Return the lines below exactly, please, from the one containing "The Green Metalic" through the last one, both included, and leave out any pictures.

########################################

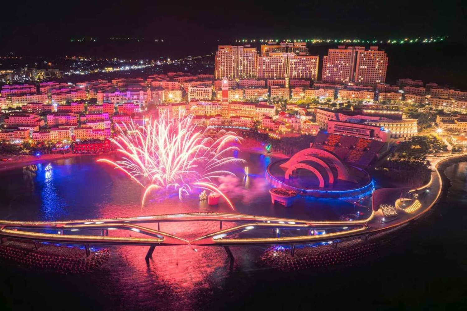 När kvällen kommer i Phu Quoc lyser Kiss of the Sea upp havet med en oförglömlig kvällsshow. Musik, vatten, ljus och fyrverkerier möts för att skapa en fantastisk scen precis vid havet. Höga fontäner rör sig med musiken, färgglada ljus fyller himlen och ljusa fyrverkerier lyser över vattnet, vilket gör att hela området känns magiskt.
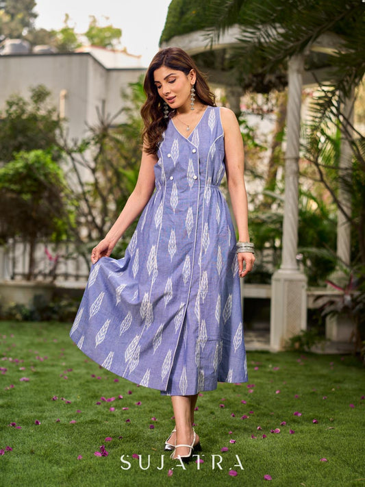 Graceful powder blue Ikat dress showcasing layered overlap details highlighted with white accents.
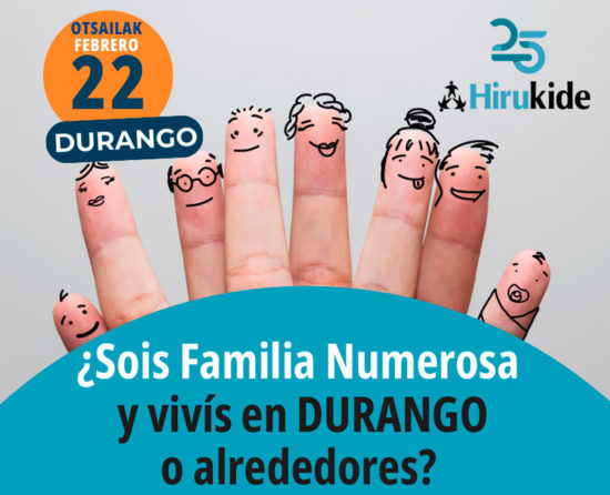 La Federación de Familias Numerosas de Euskadi, Hirukide, acudirá a Durango el próximo jueves, 22 de febrero, para informar y atender a las familias numerosas del municipio. Lo hará en una sesión informativa a las 18.00 horas en la Oficina de Información Juvenil de Intxaurrondo (Laubideta, 6).
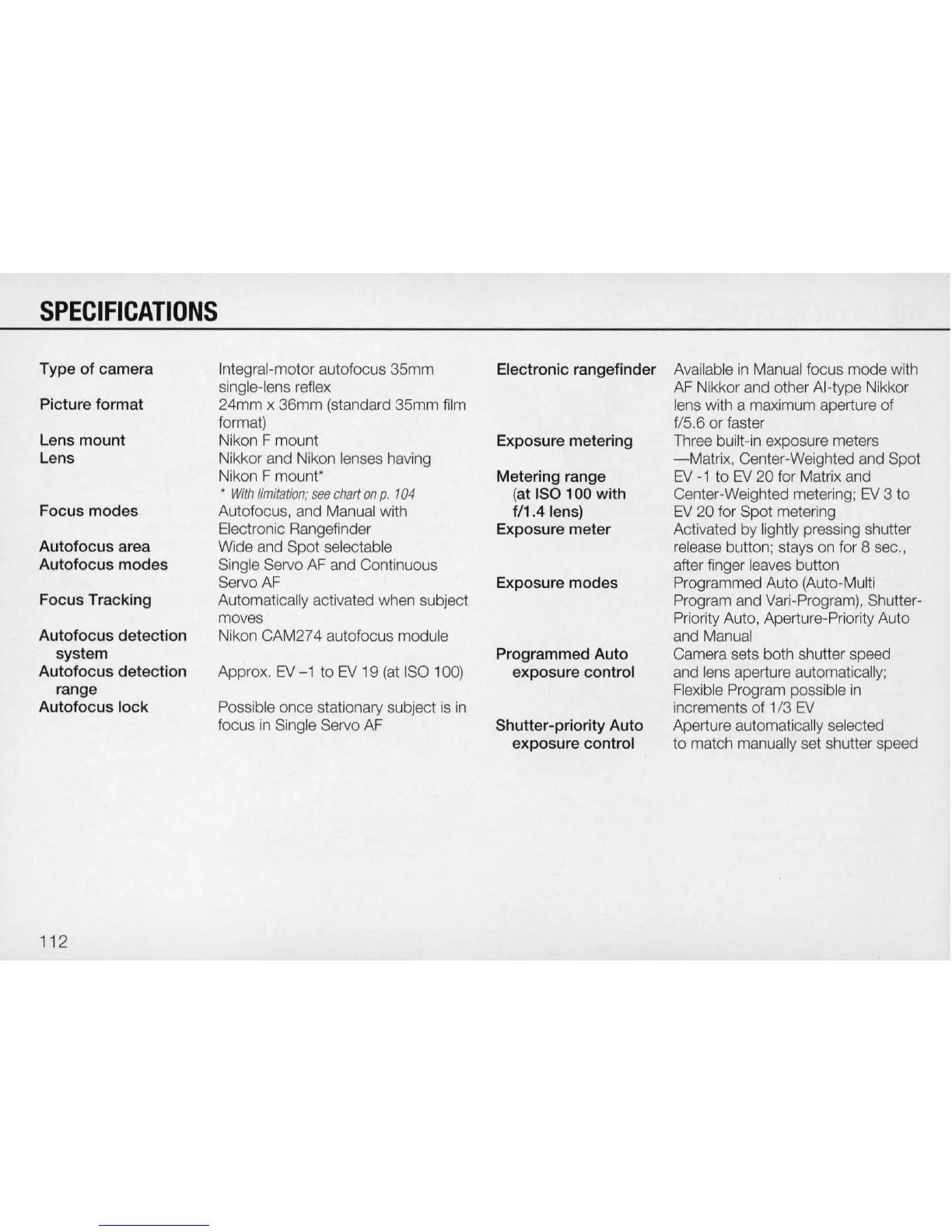 Program and Vari-Program), Shutter-
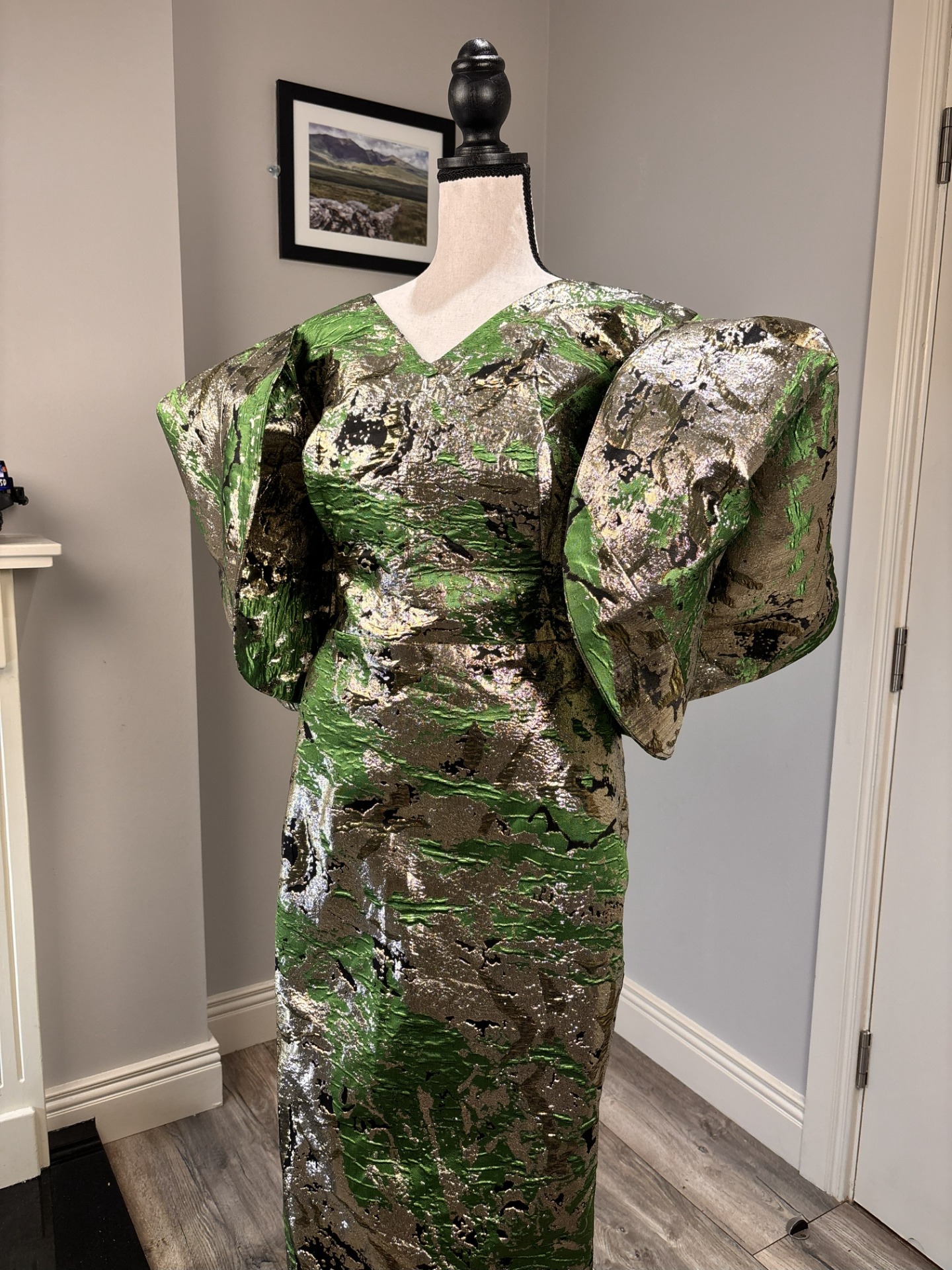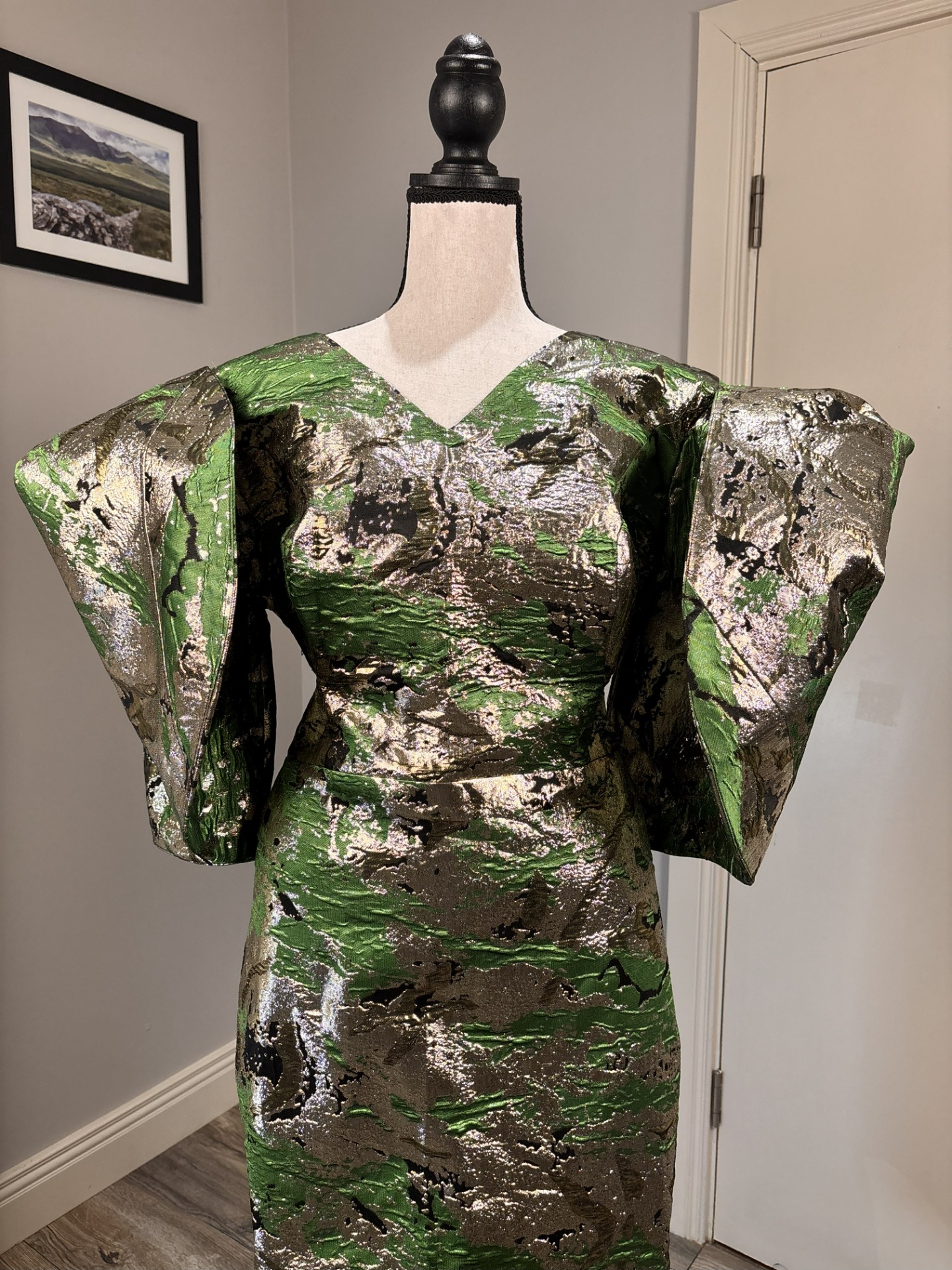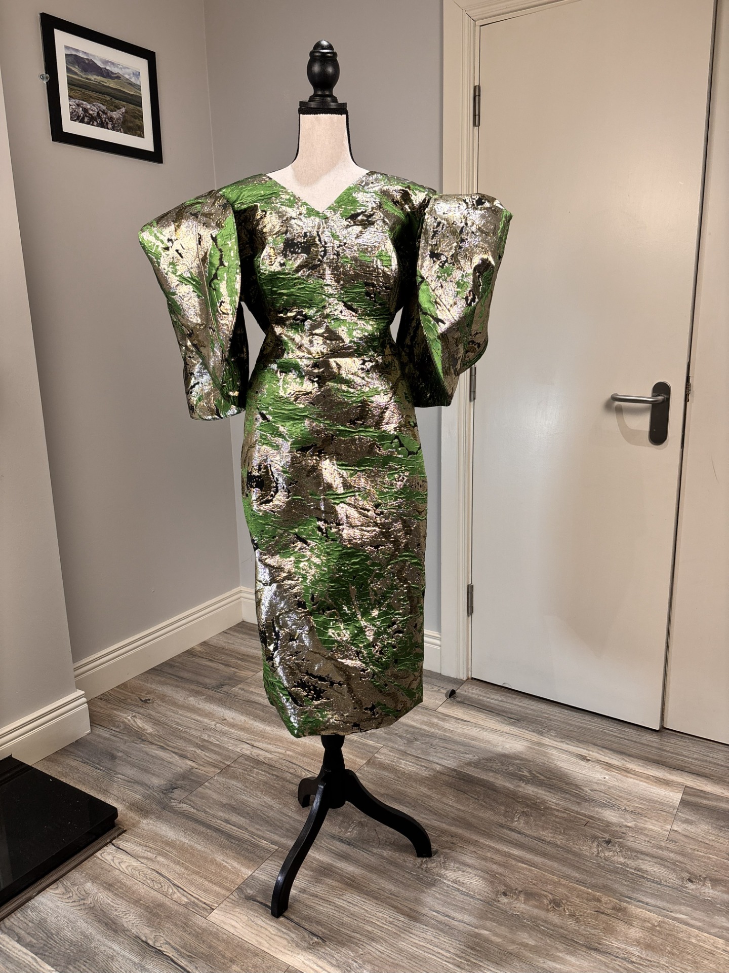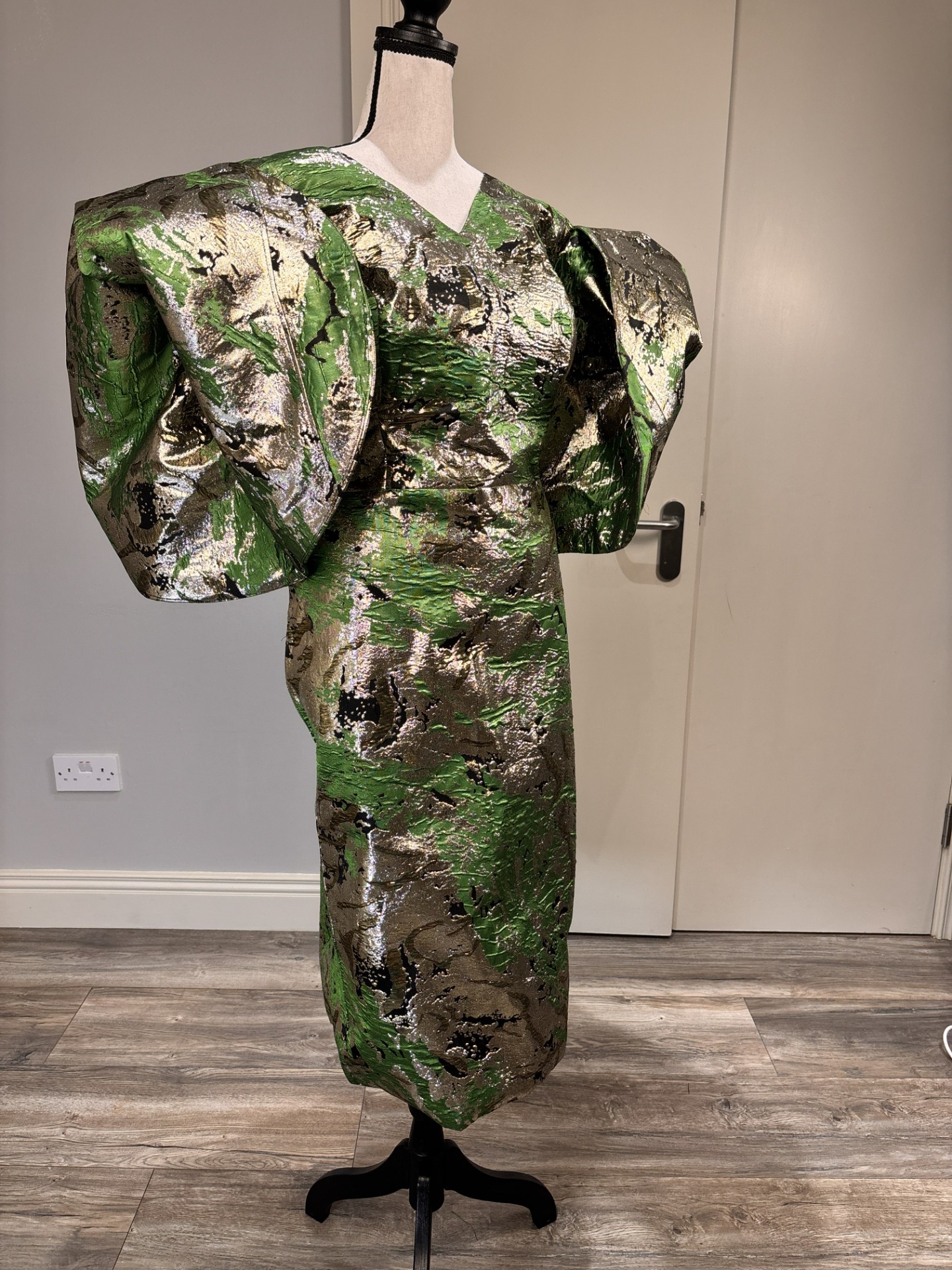 The Green Metalic Brocade Damask Midi Dress is a masterpiece of texture and silhouette
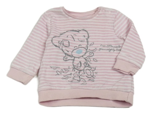 Ružovo-biela pruhovaná zamatová mikina s medvěďom

########################################

### ANSWER SECTION
 The Green Metalic Brocade Damask Midi Dress is a masterpiece of texture and silhouette
 Ružovo-biela pruhovaná zamatová mikina s medvěďom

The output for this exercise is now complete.